Enam hari dalam seminggu dan delapan
jam sehari adalah jam kerja pekerja industri/buruh. Selama itu para buruh bekerja
tanpa henti, dengan peraturan yang ketat, upah yang rendah, ketiadaan jaminan
kesehatan, tak boleh mengobrol dengan buruh lain meskipun diberikan waktu
istirahat tetapi mereka gunakan untuk makan dan jika ada waktu lebih mereka
gunakan untuk beristirahat menyimpan sisa tenaga mereka daripada untuk
mengobrol, dan waktu pulang kerja pun mereka tak bisa bersosialisasi dengan
yang lain karena terlalu capek bekerja seharian waktu yang tersisapun digunakan
untuk beristirahat menyimpan tenaga untuk bekerja keesokan harinya agar badan
tidak terlalu capek dan tidak bangun kesiangan karena jika terlambat gaji akan
dipotong dengan nominal yang sangat besar. Itulah potret pekerjaan kaum buruh
tidak hanya di Indonesia tetapi di seluruh dunia. Sejak masa Revolusi Industri
sampai sekarang keadaan para buruh diibaratkan seperti di atas bahkan ada yang
lebih parah dengan memperkerjakan anak-anak. Para penyair di Eropa juga
mengkritisi hal ini lewat karya Elizabeth Bareth dalam sajaknya “The Cry Of The Children”(1841) yang
berisi protes terhadap diperkerjakannya anak-anak sebagai buruh.

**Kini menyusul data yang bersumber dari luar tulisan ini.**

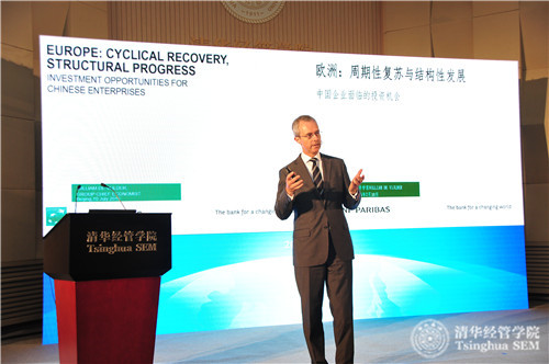 随后,法国巴黎银行首席经济学家William DE VIJLDER作了题为“欧洲:周期性复苏和结构性发展——对中国企业的投资机会”的主旨演讲。William DE VIJLDER在演讲中用详实的数据介绍了在全球化的框架之下欧洲扮演的角色,提出欧盟正在经历周期性复苏、结构性发展的观点。

Sementara itu, Karl Max dalam
bukunya Das kapital menyebutkan bahwa keadaan ini disebut alienasi. Alienasi
adalah suatu keadaan dimana manusia dikuasai oleh kekuatan-kekuatan yang
tercipta oleh kreasinya sendiri, yang merupakan kekuatan yang melawan manusia
itu sendiri. Alienasi dalam bidang kerja mempunyai empat aspek yaitu:
1. Manusia
mengalami alienasi dari objek yang diproduksinya.
2. Manusia
mengalami alienasi dari proses produksi.
3. Manusia
teralienasi dari potensi dirinya sendiri.
4. Manusia
teralienasi dari lingkungan sekitar dan masyarakat.
Dalam
aktivitas industri, seorang buruh terasing dari barang produksinya sendiri
mungkin saja ia telah menghasilkan ribuan barang produksi tersebut selama
bertahun-tahun akan tetapi tidak mengenal barang tersebut bahkan tidak memiliki
hak atas barang tersebut. Demikian halnya dengan proses produksi, ia terfokus
akan beban kerja yang tinggi dan efisiensi yang diberikan oleh perusahaan demi
mendatangkan keuntungan yang banyak untuk perusahaan sehingga tak jarang
seorang buruh hanya peduli pada proses produksinya sendiri, taka da waktu untuk
berkomunikasi dengan yang lain karena akan menghambat produktifitasnya.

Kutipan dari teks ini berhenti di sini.